# Waxstock we're here!#



## macca666 (Mar 30, 2010)

Arrived today for tomorrow. 5 and a half hour drive done :thumb:

Priorities sorted...


----------



## pee (Apr 6, 2009)

Are they all for you?


----------



## Cookies (Dec 10, 2008)

Where's mine lol. 

Sent from my D6603 using Tapatalk


----------



## rory1992 (Jul 22, 2012)

Careful leaving your wallet and phone out in cov 

Sent from my SM-G925F using Tapatalk


----------



## Kerr (Mar 27, 2012)

rory1992 said:


> Careful leaving your wallet and phone out in cov
> 
> Sent from my SM-G925F using Tapatalk


He's from Ayrshire and has just bought 3 drinks.

It's only IOU notes in his wallet now.:lol:


----------



## macca666 (Mar 30, 2010)

pee said:


> Are they all for you?


As much as I would like to say yes no there is 3 of us down...



Cookies said:


> Where's mine lol.
> 
> Sent from my D6603 using Tapatalk


We're in Spon street ur welcome to join us cooks and I'll buy :thumb:



rory1992 said:


> Careful leaving your wallet and phone out in cov
> 
> Sent from my SM-G925F using Tapatalk


It can't be any worse than Glasgow plus it's Scottish notes you can't spend them down here!! :lol:


----------



## nick_mcuk (Jan 4, 2008)

macca666 said:


> Arrived today for tomorrow. 5 and a half hour drive done :thumb:


In the MG?


----------



## macca666 (Mar 30, 2010)

Kerr said:


> He's from Ayrshire and has just bought 3 drinks.
> 
> It's only IOU notes in his wallet now.:lol:


Kerr u don't even know me.

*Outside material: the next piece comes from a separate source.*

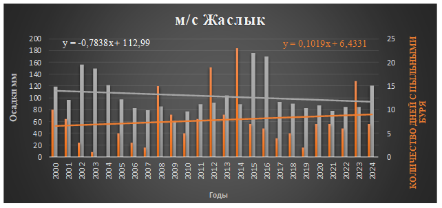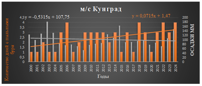 Рисунок 4. Пылевые бури и осадки на метеостанциях Кунград и Жаслык

Who said that I actually bought the drinks.....:lol:


----------



## macca666 (Mar 30, 2010)

nick_mcuk said:


> In the MG?


Unfortunately not Nick. Maybe next year.......:thumb:


----------



## Juke_Fan (Jul 12, 2014)

macca666 said:


> plus it's Scottish notes you can't spend them down here!! :lol:


Enjoy, both your beer and waxstock. Just try not to palm off too much of that monopoly money eh :doublesho :lol:


----------



## goat (May 8, 2015)

macca666 said:


> It can't be any worse than Glasgow plus it's Scottish notes you can't spend them down here!! :lol:


Scottish notes? Those are euros aren't they?


----------



## macca666 (Mar 30, 2010)

goat said:


> Scottish notes? Those are euros aren't they?


:lol::lol::lol:

Euros????? I think you'll find according to Jimmy Krankie (aka the first minister Nicola Sturgeon) we voted to remain within the EU and be independent and keep the Scottish currency.........

:lol::lol:


----------



## macca666 (Mar 30, 2010)

Juke_Fan said:


> Enjoy, both your beer and waxstock. Just try not to palm off too much of that monopoly money eh :doublesho :lol:


In fairness the way things are going monopoly money may be worth more than a Scottish note !:!


----------